**What is required:** Look below for the line containing "Zapatillas de escalada" and the line containing "Hand knit Newborn", then set down both and every line between them exactly, without pictures.
── Records for the exercise
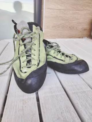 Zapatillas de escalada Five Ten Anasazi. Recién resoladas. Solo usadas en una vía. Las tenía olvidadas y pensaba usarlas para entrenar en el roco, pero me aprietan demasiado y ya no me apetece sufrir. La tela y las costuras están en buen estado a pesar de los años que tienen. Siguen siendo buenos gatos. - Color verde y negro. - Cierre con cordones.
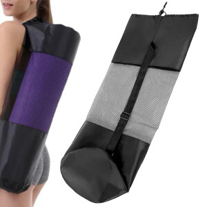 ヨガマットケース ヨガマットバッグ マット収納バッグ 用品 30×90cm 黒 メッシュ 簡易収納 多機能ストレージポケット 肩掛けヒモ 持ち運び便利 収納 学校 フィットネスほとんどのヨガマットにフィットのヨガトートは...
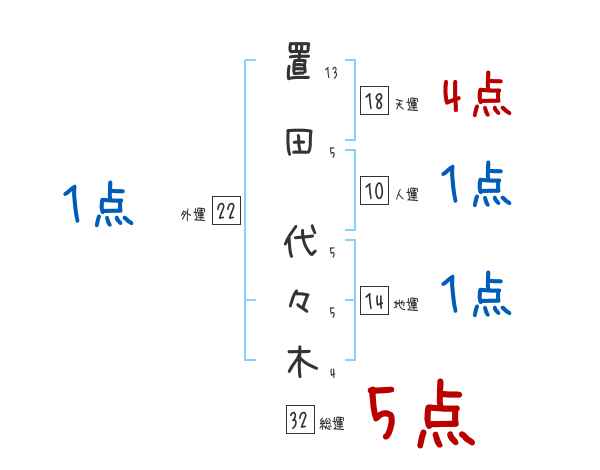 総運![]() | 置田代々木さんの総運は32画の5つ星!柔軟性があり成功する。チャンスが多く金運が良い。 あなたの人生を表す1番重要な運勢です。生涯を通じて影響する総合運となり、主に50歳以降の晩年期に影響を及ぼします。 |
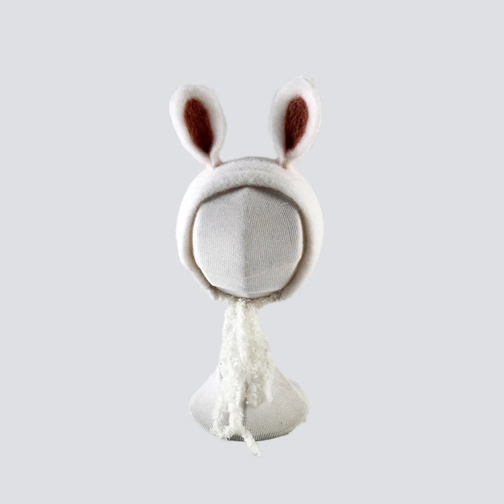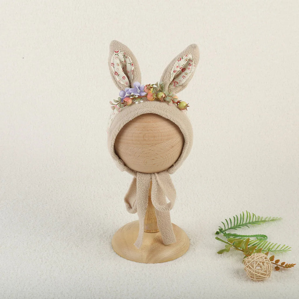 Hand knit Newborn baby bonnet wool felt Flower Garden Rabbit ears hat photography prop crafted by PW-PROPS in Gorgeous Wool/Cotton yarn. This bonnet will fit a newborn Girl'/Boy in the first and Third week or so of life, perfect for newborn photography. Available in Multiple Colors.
────
── Records for the exercise
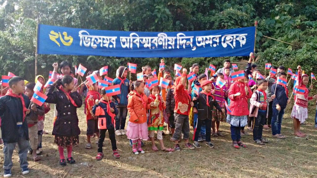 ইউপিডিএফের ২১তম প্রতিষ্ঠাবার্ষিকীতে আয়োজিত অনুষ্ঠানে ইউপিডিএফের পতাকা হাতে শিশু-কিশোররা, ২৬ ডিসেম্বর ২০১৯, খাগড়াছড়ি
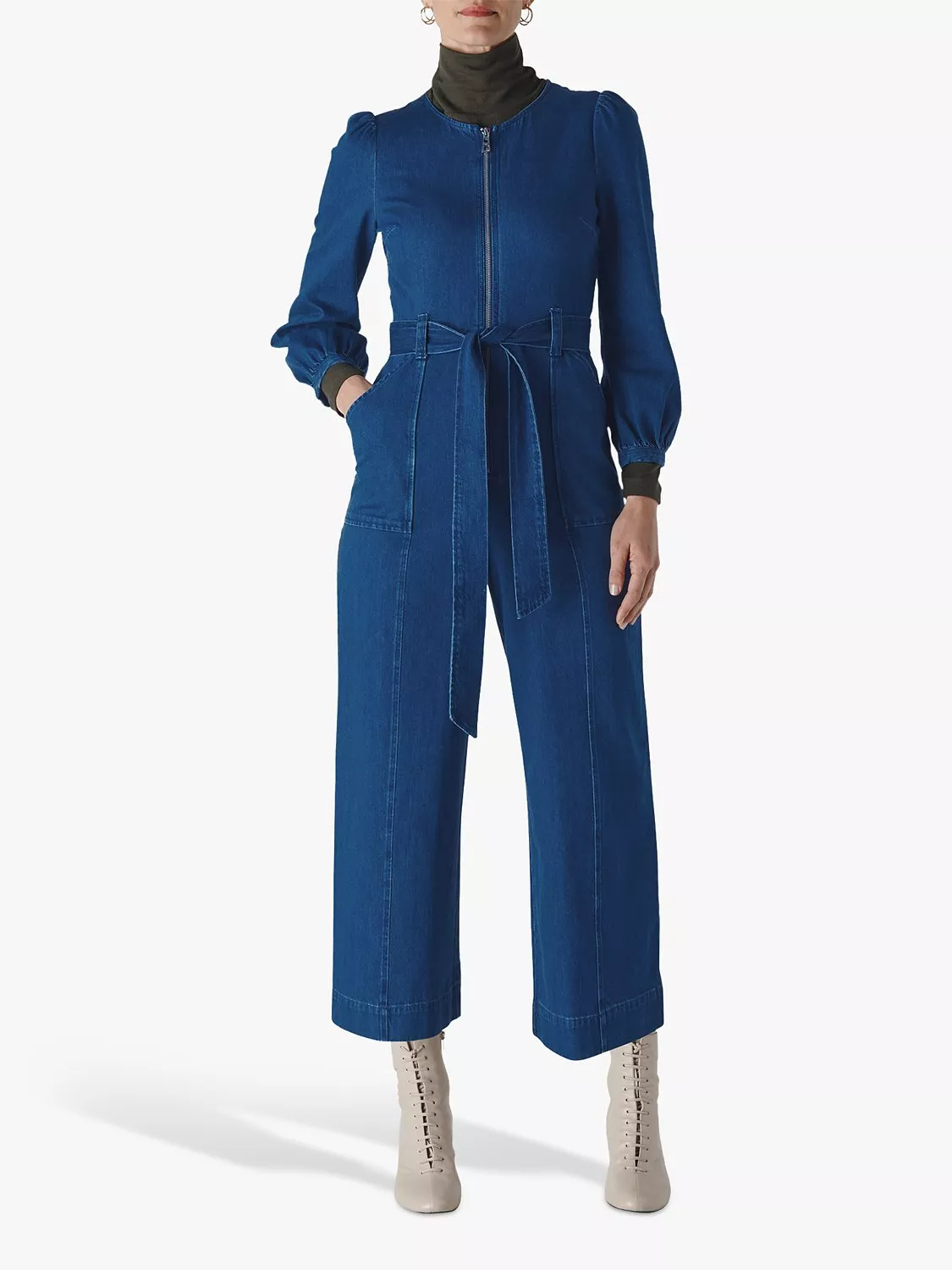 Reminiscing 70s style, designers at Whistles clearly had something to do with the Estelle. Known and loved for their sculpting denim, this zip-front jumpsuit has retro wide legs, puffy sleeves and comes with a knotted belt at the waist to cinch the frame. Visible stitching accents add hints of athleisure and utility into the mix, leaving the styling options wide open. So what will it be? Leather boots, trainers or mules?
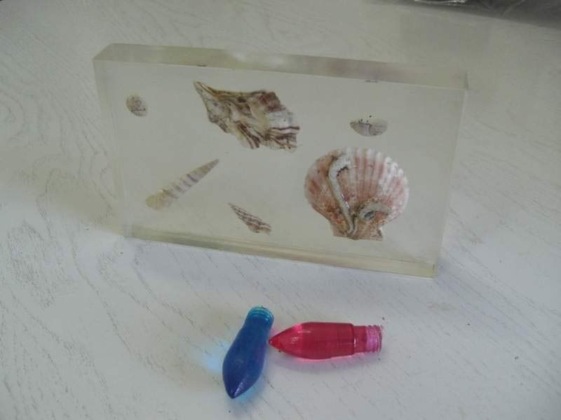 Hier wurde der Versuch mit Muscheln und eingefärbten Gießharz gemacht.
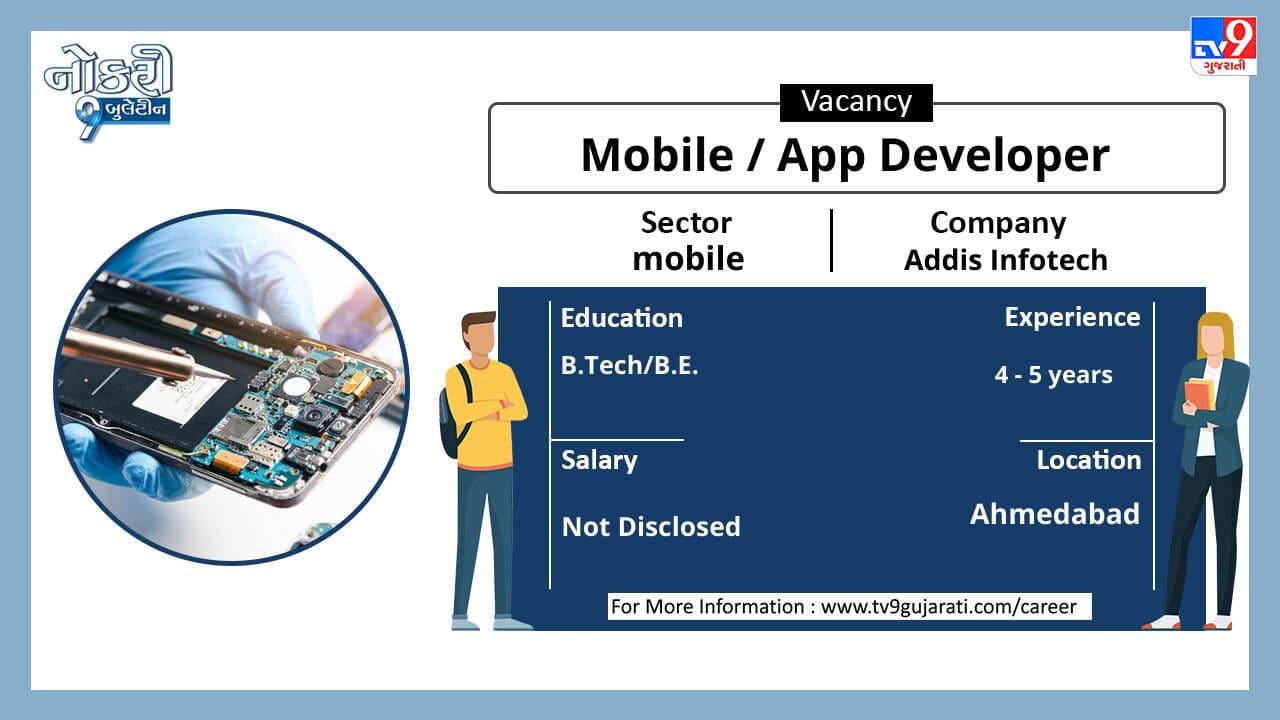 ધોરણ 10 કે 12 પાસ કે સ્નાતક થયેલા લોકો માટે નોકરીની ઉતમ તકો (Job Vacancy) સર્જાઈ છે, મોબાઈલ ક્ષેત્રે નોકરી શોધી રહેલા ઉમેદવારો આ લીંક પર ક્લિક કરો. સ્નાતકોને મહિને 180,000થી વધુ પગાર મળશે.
────
── Records for the exercise
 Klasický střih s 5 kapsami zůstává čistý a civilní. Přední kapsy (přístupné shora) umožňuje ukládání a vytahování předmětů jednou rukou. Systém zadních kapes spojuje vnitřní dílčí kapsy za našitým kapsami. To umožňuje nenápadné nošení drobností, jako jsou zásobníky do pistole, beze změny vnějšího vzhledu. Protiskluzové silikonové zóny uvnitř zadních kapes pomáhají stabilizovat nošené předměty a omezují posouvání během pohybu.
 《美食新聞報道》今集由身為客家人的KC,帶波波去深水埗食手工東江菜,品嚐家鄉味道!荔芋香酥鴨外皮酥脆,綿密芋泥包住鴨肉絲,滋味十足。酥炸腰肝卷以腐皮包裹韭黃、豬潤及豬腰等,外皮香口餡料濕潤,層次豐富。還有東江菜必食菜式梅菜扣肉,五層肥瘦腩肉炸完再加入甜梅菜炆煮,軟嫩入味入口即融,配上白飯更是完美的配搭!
────
**Written response:**
 Zapatillas de escalada Five Ten Anasazi. Recién resoladas. Solo usadas en una vía. Las tenía olvidadas y pensaba usarlas para entrenar en el roco, pero me aprietan demasiado y ya no me apetece sufrir. La tela y las costuras están en buen estado a pesar de los años que tienen. Siguen siendo buenos gatos. - Color verde y negro. - Cierre con cordones.
 ヨガマットケース ヨガマットバッグ マット収納バッグ 用品 30×90cm 黒 メッシュ 簡易収納 多機能ストレージポケット 肩掛けヒモ 持ち運び便利 収納 学校 フィットネスほとんどのヨガマットにフィットのヨガトートは...
 総運![]() | 置田代々木さんの総運は32画の5つ星!柔軟性があり成功する。チャンスが多く金運が良い。 あなたの人生を表す1番重要な運勢です。生涯を通じて影響する総合運となり、主に50歳以降の晩年期に影響を及ぼします。 |
 Hand knit Newborn baby bonnet wool felt Flower Garden Rabbit ears hat photography prop crafted by PW-PROPS in Gorgeous Wool/Cotton yarn. This bonnet will fit a newborn Girl'/Boy in the first and Third week or so of life, perfect for newborn photography. Available in Multiple Colors.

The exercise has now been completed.